[Start of Attachment]
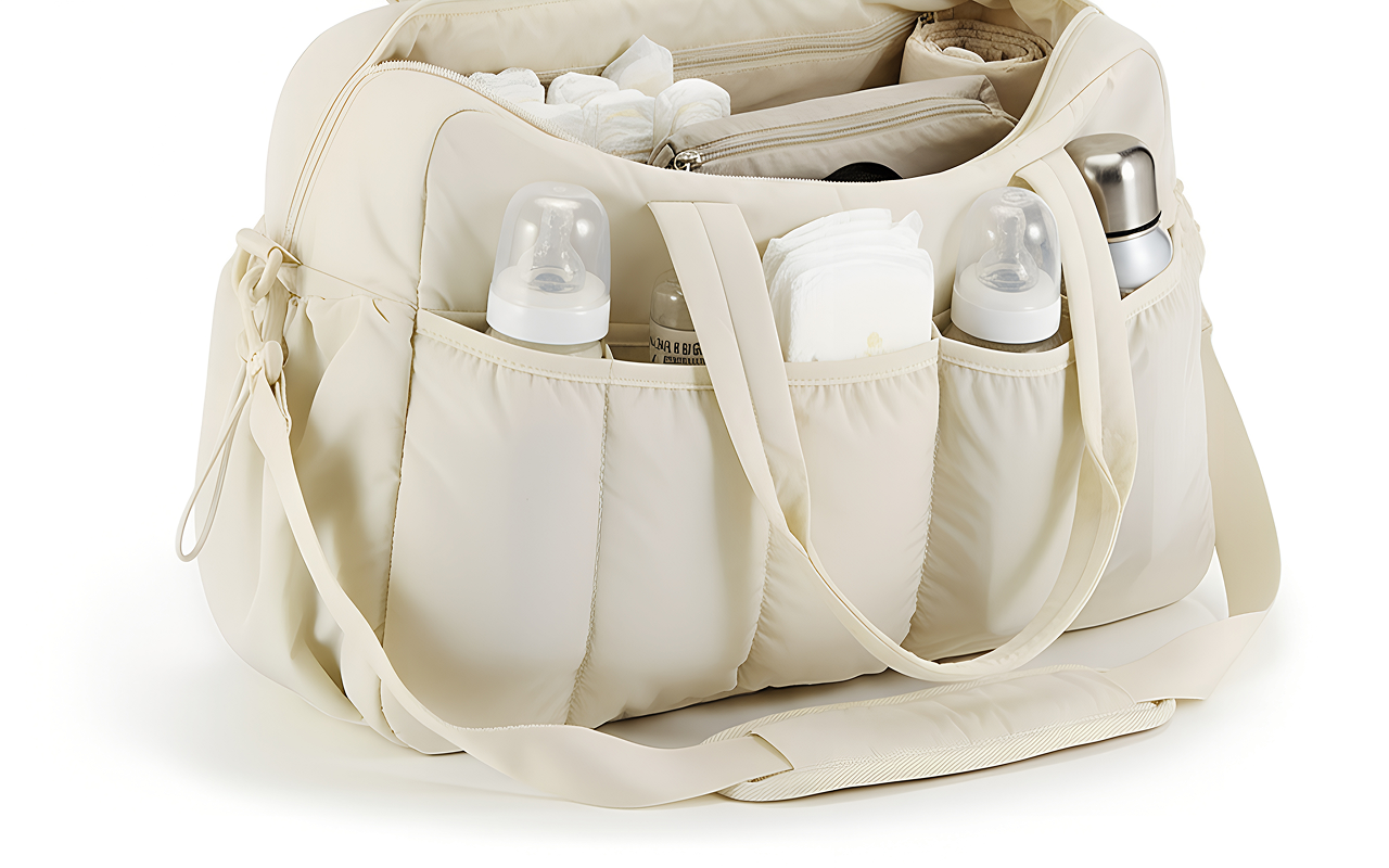 Múltiplos bolsos separam fraldas, toalhetes e mamadeiras rapidamente. Tudo fica arrumado, nada se perde ou se amassa.
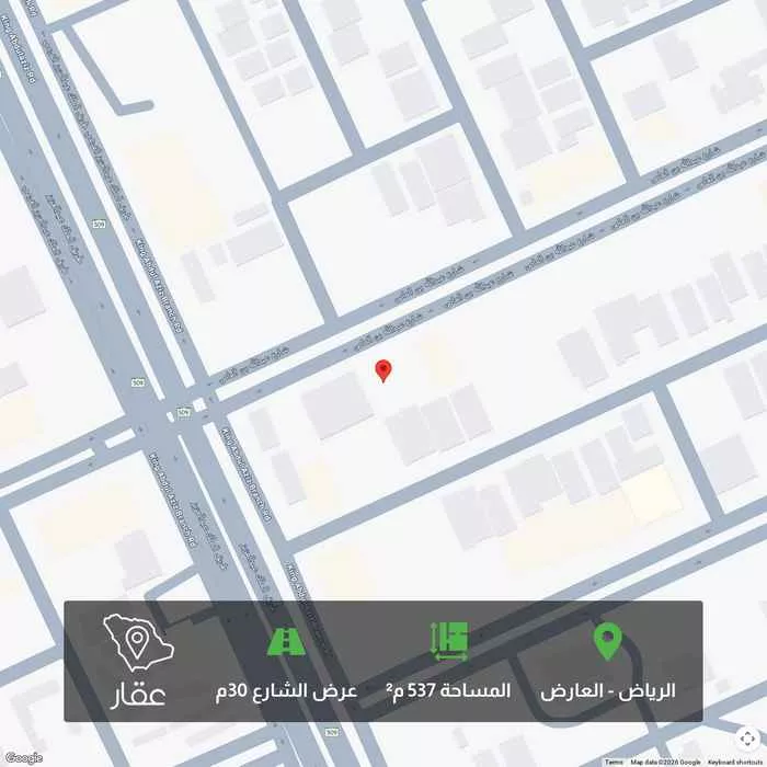 537 م² أرض في العارض، الرياض معروضة بسعر ٣٬٤٩٠٬٥٠٠ ريال، أعلى بنسبة 8% من متوسط سعر الحي البالغ ٣٬٢٤٢٬٦٠٠ ريال. بناءً على 364 عقار مشابه.
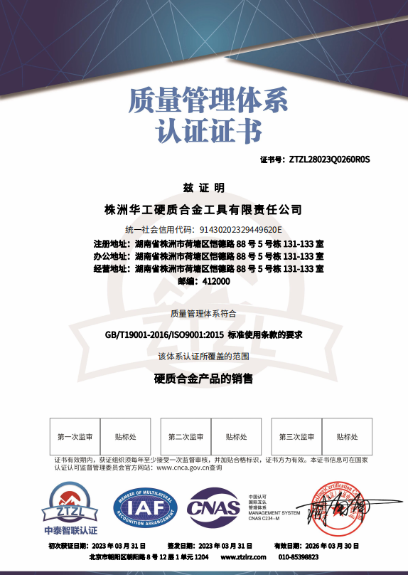 2024年9月1日起正式版權(quán)轉(zhuǎn)移至株洲華工硬質(zhì)合金工具有限責任公司。
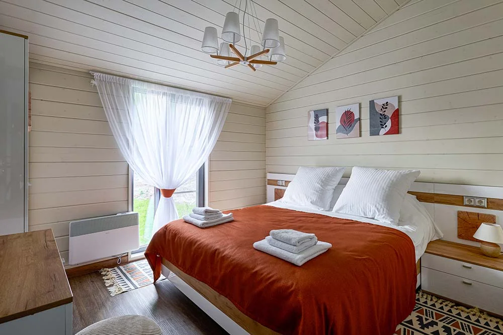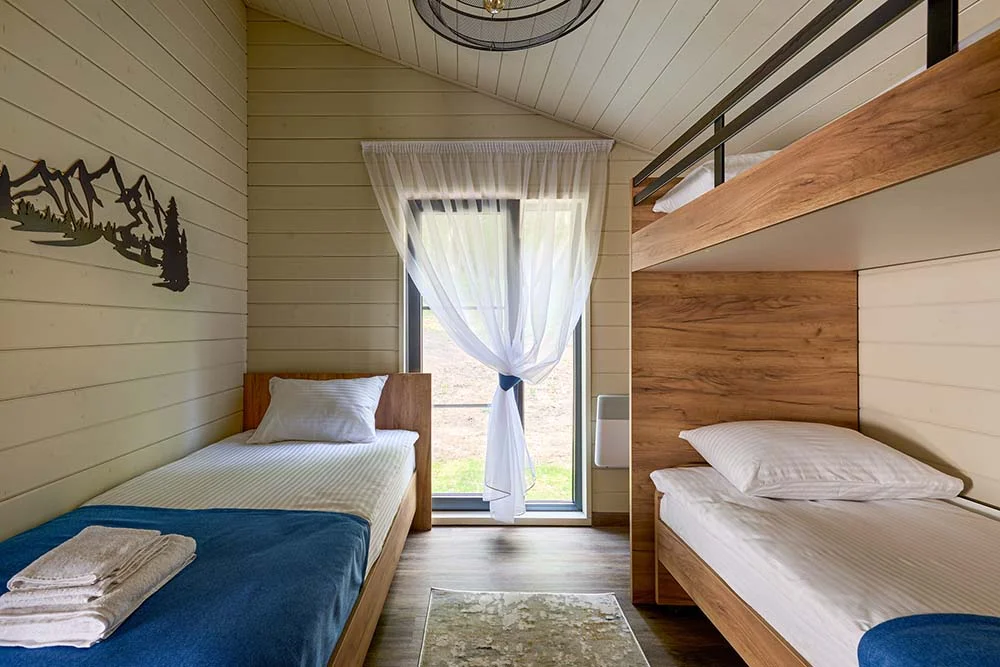 В каждом доме могут разместиться до 6 человек, есть две отдельных спальни.
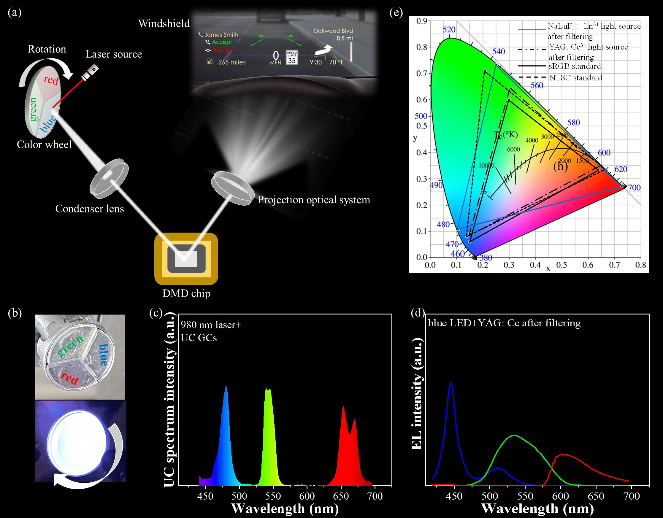针对这些技术难点,陈大钦教授课题组提出了一种创新性解决方案,采用稀土Ho3+/Tm3+/Er3+/Yb3+共掺杂的NaLuF4纳米晶玻璃陶瓷作为上转换发光材料,通过980纳米近红外激光激发,实现纯红、绿、蓝三色发光。研究结果表明,这种材料在光谱纯度、发光强度以及热/化学稳定性方面表现出显著优势。与传统HUD光源相比,该材料不仅具备超过80 %的发光纯度,还能在高温和高湿环境下保持稳定的发光性能。此外,所构建HUD系统的色域范围远超传统光源,覆盖了115 % NTSC、163 % sRGB和156 %传统白光LED光源的色域。该研究意味着未来的车载显示设备不仅可以提供更明亮、清晰的显示效果,还能通过更广的色域展现更加丰富、真实的色彩,从而大大提升驾驶体验和安全性。
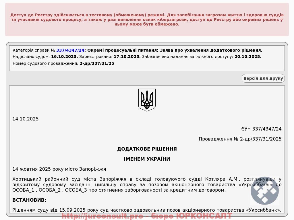 Виграли для клієнта компенсацію судових витрат від Укрсиббанку на 15 000 грн!
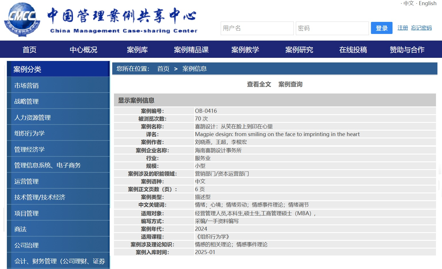 2025年1月21日,我院李根宏老师团队撰写的案例《喜鹊设计:从笑在脸上到印在心里》(组织行为学,编号:OB-0416),经过严格的案例初审、外审专家评阅、修改和终审等程序,正式收录至中国管理案例共享中心数据库。
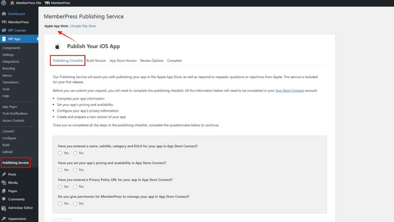 - Vaya a Dashboard > MP App > Publishing Service > Apple App Store en WordPress.
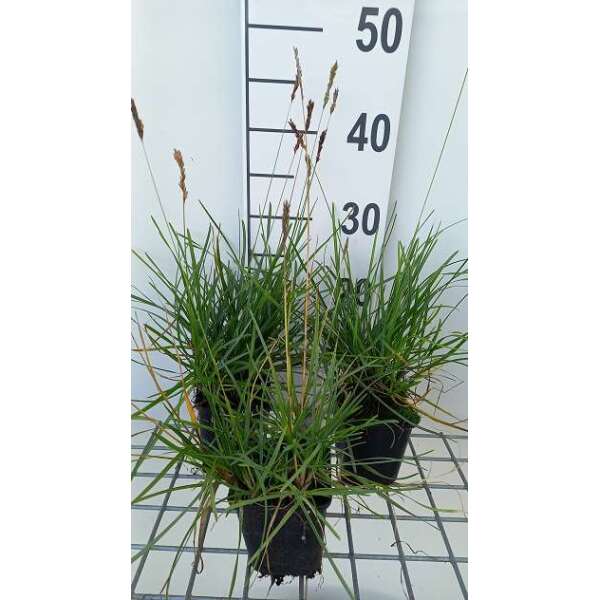 Sesleria 'Greenlee Hybrid' vormt dichte pollen van lineaire, groengrijze bladeren en bloeit op slanke, rechtopstaande stelen met zilverwitte aartjes waarvan de knoppen purper getint zijn.
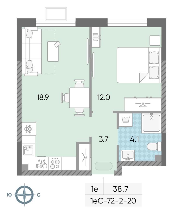 общая 38,7 м2, жилая 24,3 м2, кухни 6,6 м2 |
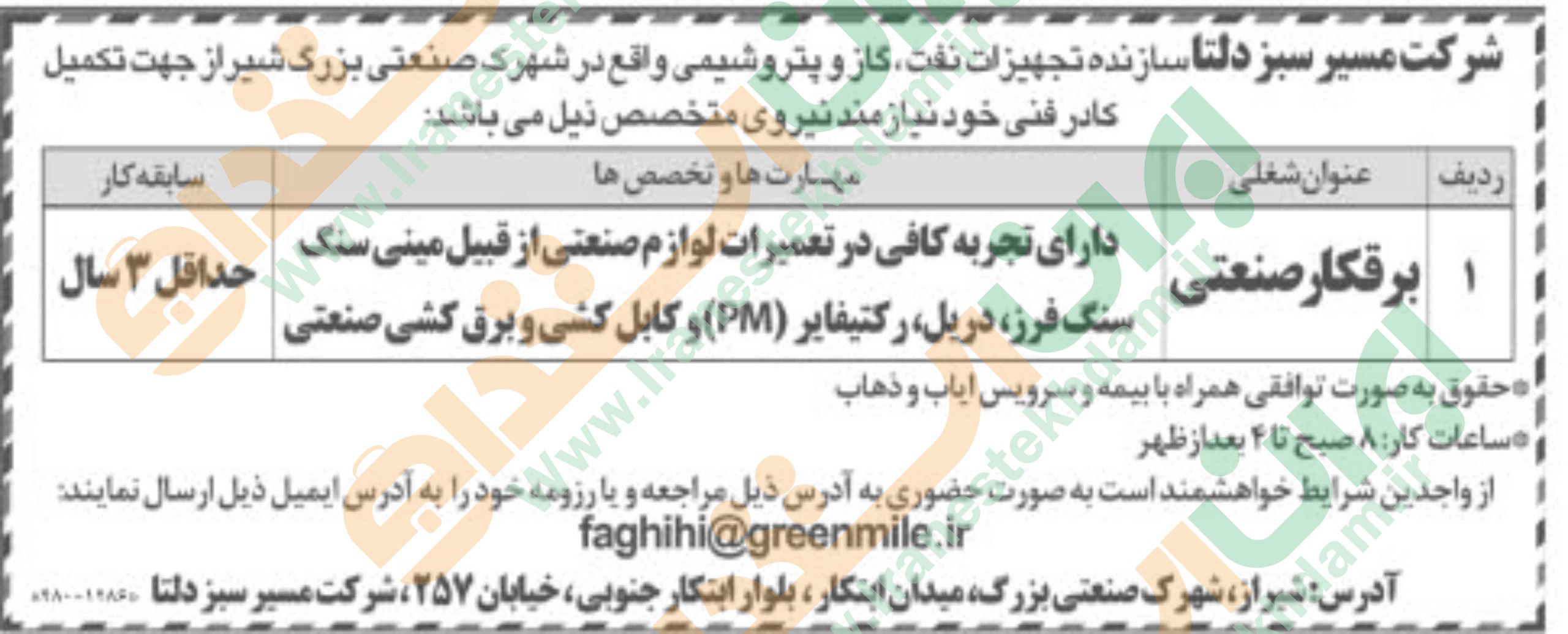 ♦ در صورتی که به دنبال موقعیت های شغلی روز فارس هستید، میتوانید از طریق سایت ایران استخدام از یکی از روش های دریافت آگهی های استخدامی “از طریق ایمیل و پیامک – از طریق اپلیکیشن اختصاصی ایران استخدام – از طریق کانال تلگرام ایران استخدام” اقدام نمایید.
[End of Attachment]
* Exercise instructions
Write out each entry exactly; any pictures stay out of the copy.

* Answer for the task
 Múltiplos bolsos separam fraldas, toalhetes e mamadeiras rapidamente. Tudo fica arrumado, nada se perde ou se amassa.
 537 م² أرض في العارض، الرياض معروضة بسعر ٣٬٤٩٠٬٥٠٠ ريال، أعلى بنسبة 8% من متوسط سعر الحي البالغ ٣٬٢٤٢٬٦٠٠ ريال. بناءً على 364 عقار مشابه.
 2024年9月1日起正式版權(quán)轉(zhuǎn)移至株洲華工硬質(zhì)合金工具有限責任公司。
 В каждом доме могут разместиться до 6 человек, есть две отдельных спальни.
针对这些技术难点,陈大钦教授课题组提出了一种创新性解决方案,采用稀土Ho3+/Tm3+/Er3+/Yb3+共掺杂的NaLuF4纳米晶玻璃陶瓷作为上转换发光材料,通过980纳米近红外激光激发,实现纯红、绿、蓝三色发光。研究结果表明,这种材料在光谱纯度、发光强度以及热/化学稳定性方面表现出显著优势。与传统HUD光源相比,该材料不仅具备超过80 %的发光纯度,还能在高温和高湿环境下保持稳定的发光性能。此外,所构建HUD系统的色域范围远超传统光源,覆盖了115 % NTSC、163 % sRGB和156 %传统白光LED光源的色域。该研究意味着未来的车载显示设备不仅可以提供更明亮、清晰的显示效果,还能通过更广的色域展现更加丰富、真实的色彩,从而大大提升驾驶体验和安全性。
 Виграли для клієнта компенсацію судових витрат від Укрсиббанку на 15 000 грн!
 2025年1月21日,我院李根宏老师团队撰写的案例《喜鹊设计:从笑在脸上到印在心里》(组织行为学,编号:OB-0416),经过严格的案例初审、外审专家评阅、修改和终审等程序,正式收录至中国管理案例共享中心数据库。
 - Vaya a Dashboard > MP App > Publishing Service > Apple App Store en WordPress.
 Sesleria 'Greenlee Hybrid' vormt dichte pollen van lineaire, groengrijze bladeren en bloeit op slanke, rechtopstaande stelen met zilverwitte aartjes waarvan de knoppen purper getint zijn.
 общая 38,7 м2, жилая 24,3 м2, кухни 6,6 м2 |
 ♦ در صورتی که به دنبال موقعیت های شغلی روز فارس هستید، میتوانید از طریق سایت ایران استخدام از یکی از روش های دریافت آگهی های استخدامی “از طریق ایمیل و پیامک – از طریق اپلیکیشن اختصاصی ایران استخدام – از طریق کانال تلگرام ایران استخدام” اقدام نمایید.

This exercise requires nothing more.